**RECORDED DATA**
BEGIN

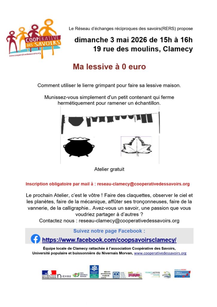 Atelier fabrication de lessive Dimanche 3 mai – 15h00 à 16h00 CLAMECY, 19 rue des moulins Sur inscription Article précédentSoirée exceptionnelle - Kanaky, une histoire colonialeArticle suivant Rejoignez l'équipe d'animation locale BRASSY
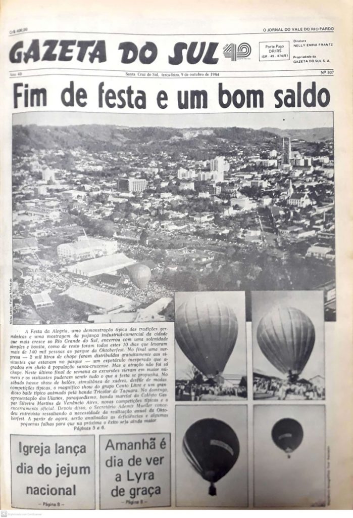 Arquivos da Gazeta do Sul mostram, em reportagem publicada no dia 9 de outubro de 1984, dois dias após o término da festa, que a estimativa é de que a 1ª Oktoberfest recebeu 140 mil pessoas. “O secretário Ademir Müller compartilha da opinião da maioria esmagadora da comunidade santa-cruzense, que se define no sentido de que a Oktoberfest passe a ser um evento anual e de afirmação turística de Santa Cruz no cenário estadual e, com o passar dos anos, até nacional”, descreve a matéria.
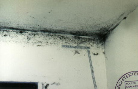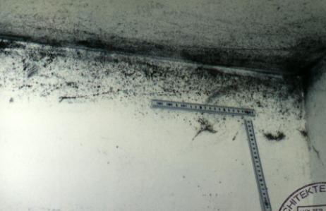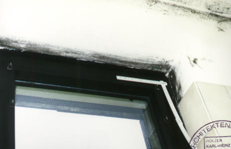 Der dargestellt Schimmelbefall befindet sich im Badezimmer einer Wohnung in einem Mehrfamilienhaus. Betroffen sind insbesondere die Übergangsbereiche Wand an Decke sowie die Fensterleibungen und der Sturz. Die Aussenwand ist deutlich stärker von Schimmel befallen als die Innenwände. Im wesentlichen war der Schimmelbefall auf magelhaftes (unzureichendes) Lüftungsverhalten zurückzuführen.
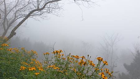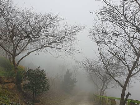 我們離開營區時霧更濃了,可見度很低,車速極慢。

END

The listing must be repeated word for word, and none of its pictures may appear in the copy.

 Atelier fabrication de lessive Dimanche 3 mai – 15h00 à 16h00 CLAMECY, 19 rue des moulins Sur inscription Article précédentSoirée exceptionnelle - Kanaky, une histoire colonialeArticle suivant Rejoignez l'équipe d'animation locale BRASSY
 Arquivos da Gazeta do Sul mostram, em reportagem publicada no dia 9 de outubro de 1984, dois dias após o término da festa, que a estimativa é de que a 1ª Oktoberfest recebeu 140 mil pessoas. “O secretário Ademir Müller compartilha da opinião da maioria esmagadora da comunidade santa-cruzense, que se define no sentido de que a Oktoberfest passe a ser um evento anual e de afirmação turística de Santa Cruz no cenário estadual e, com o passar dos anos, até nacional”, descreve a matéria.
 Der dargestellt Schimmelbefall befindet sich im Badezimmer einer Wohnung in einem Mehrfamilienhaus. Betroffen sind insbesondere die Übergangsbereiche Wand an Decke sowie die Fensterleibungen und der Sturz. Die Aussenwand ist deutlich stärker von Schimmel befallen als die Innenwände. Im wesentlichen war der Schimmelbefall auf magelhaftes (unzureichendes) Lüftungsverhalten zurückzuführen.
 我們離開營區時霧更濃了,可見度很低,車速極慢。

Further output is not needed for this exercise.